20. A system, comprising:

deterministically-operating automatic test equipment; and

a memory device connected to the automatic test equipment, the memory device comprising: a memory circuit, a built-in self-test system (BIST) operable to perform a test sequence that tests the memory circuit, the test sequence comprising a write operation in which one or more test patterns are written at memory locations in the memory circuit, and a read operation in which respective output patterns are read from the memory locations; a lossless compressor connected to receive from the BIST diagnostic patterns corresponding to the output patterns, the compressor operable to compress the diagnostic patterns losslessly to generate compressed diagnostic information; and a diagnostic information output coupled to receive the compressed diagnostic information generated by the lossless compressor and operable at one or more predetermined points in the test sequence to output the compressed diagnostic information to the automatic test equipment.

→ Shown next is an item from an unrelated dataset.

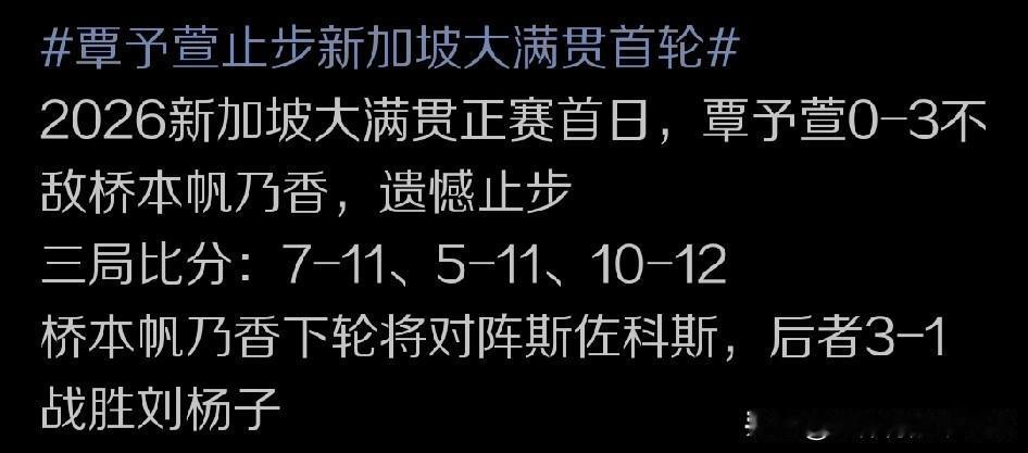 新加坡大满贯赛的比赛场上,我们对年轻的国乒小将覃予萱能在正赛当中有机会出战,可以说充满期待,这种潜力派国乒小花能在这种世界顶级的商业赛事当中出场,并与各路真正的高手对决,本身对他们来说是很大的挑战的基础上,更是他们提升自己的好机会。 比如这次比赛首轮覃予萱面对来自日本的削球名将桥本帆乃香尽管打的积极主动,也很想全力表现自己。但显然她应对削球方面的能力还是稍显不足,这也让覃予萱三局比赛无一胜绩,直接0:3遭遇一场完败,输给桥本帆乃香的同时,送对方一个晋级32强的名额,同时自己也止步64强。 而桥本帆乃香在拿到比赛胜利之后,下轮就将迎来和罗马尼亚美女球员斯佐科斯正面交锋的机会,斯佐科斯是在3:1战胜来自澳大利亚的刘杨子后,锁定一个女单的32强席位的。 值得一提的是,斯佐科斯本身的综合作战能力也比较强,所以对于桥本帆乃香来讲,她将面临很大的挑战。不过如果桥本帆乃香能够翻过斯佐科斯这座大山,下一轮她就极可能会和同样大概率能晋级16强的国乒新生代中的代表角色陈熠迎来正面交锋。 对于陈熠来说,她也确实需要在桥本帆乃香这种主要对手,还是削球对手面前有所发挥,用这种硬仗当中的胜利来为自己争取一个国乒女队当中的关键位置。只有在这种关键对手面前竞争力持续提升,才是我们真正期待看到的不是吗?

21. The system of claim 20, additionally comprising a buffer connected to receive the compressed diagnostic information and operable to store the compressed diagnostic information temporarily.

22. The system of claim 21, in which the buffer constitutes part of the memory device, is connected to receive the compressed diagnostic information from the lossless compressor and is operable at the one or more predetermined points in the test sequence to output the compressed diagnostic information to the ATE.

23. The system of claim 22, in which the one or more predetermined points in the test sequence is a single point at the end of the test sequence.

24. The system of claim 21, in which the buffer constitutes part of the ATE and is connected to receive the compressed diagnostic information from the memory device at the one or more predetermined points in the test sequence.

25. The system of claim 20, in which the diagnostic patterns corresponding to the output patterns comprise the respective output patterns.

26. The system of claim 20, the memory device additionally comprises a difference pattern generator connected to the BIST to receive the output patterns and, for each of the output patterns, a corresponding expected pattern identical to the test pattern written at the memory location from which the one of the output pattern was read, the difference pattern generator operable to generate respective difference patterns from the output patterns and the corresponding expected patterns as the diagnostic patterns corresponding to the output patterns.